How to read the bank rating chart

THE BALTIMORE SUN

RATINGS: IDC Financial Publishing Inc. [Box 140, Hartland, Wis. 53029] based its 1994 second-quarter ratings on the financial reports filed for the three-month period ended June 30 with the Federal Deposit Insurance Corp. IDC then calculates 38 financial ratios and compares those values for the various banks and produces a single rating for each institution. The chart also shows the rating of the previous quarter.

The rating of individual bank performance falls into six categories. The ratings categories are: 300-to-200, superior; 199-to-165, excellent; 164-to-125 average; 124-to-75, below average; 74-to-2, lowest ratios; 1, rank of one, (highest failure probability).

COLUMN 1 -- TOTAL ASSETS: Total assets of a bank or bank holding company in millions of dollars. A bank with $1 billion in assets would show an entry of 1,000.

COLUMN 2 -- EQUITY CAPITAL AS % OF ASSETS: Equity capital is a critical cushion to protect against possible future losses expressed as a percentage of assets. Equity capital includes the interest held in subsidiaries and preferred stock. This ratio is a key measure of a bank's financial reserves.

COLUMN 3 -- NONPERFORMING ASSETS AS % OF EQUITY: Non-accrual loans, restructured debt and repossessed assets, expressed as a percentage of equity capital, measures the relative size of the bank's loans no longer accruing, but that have not been charged off. This ratio reflects the level of substandard loans a bank has in its portfolio and can help project possible future losses.

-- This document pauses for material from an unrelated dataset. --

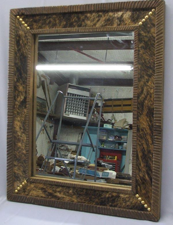 Wood and Brindle Cowhide Framed Mirror. Measures 25''x20.25''. MUST BE PICKED UP! SHI $75.

COLUMN 4 -- NET INCOME AS % OF ASSETS: Income in the past 12 months, as reported, is divided by last year's average assets, expressed as a percentage. Also known as return on assets, this historically has been used as a common measure of a bank's earning performance, relative to its size.

COLUMN 5 -- STOCKHOLDERS' RETURN ON EQUITY: Net income in the past 12 months is divided by average total equity capital. A bank's earnings, compared with the level of stockholder investment, is also a traditional measure of a bank's performance, relative to its size.

COLUMN 6 -- INTERNAL GROWTH RATE OF EQUITY CAPITAL FOR THE PAST YEAR: The internal growth of equity capital is the reinvestment rate of retained earnings after dividends plus the change in the loan loss reserve, expressed as a percentage of capital and loan loss reserves held a year earlier. The internal growth rate of equity can indicate sustainable future growth.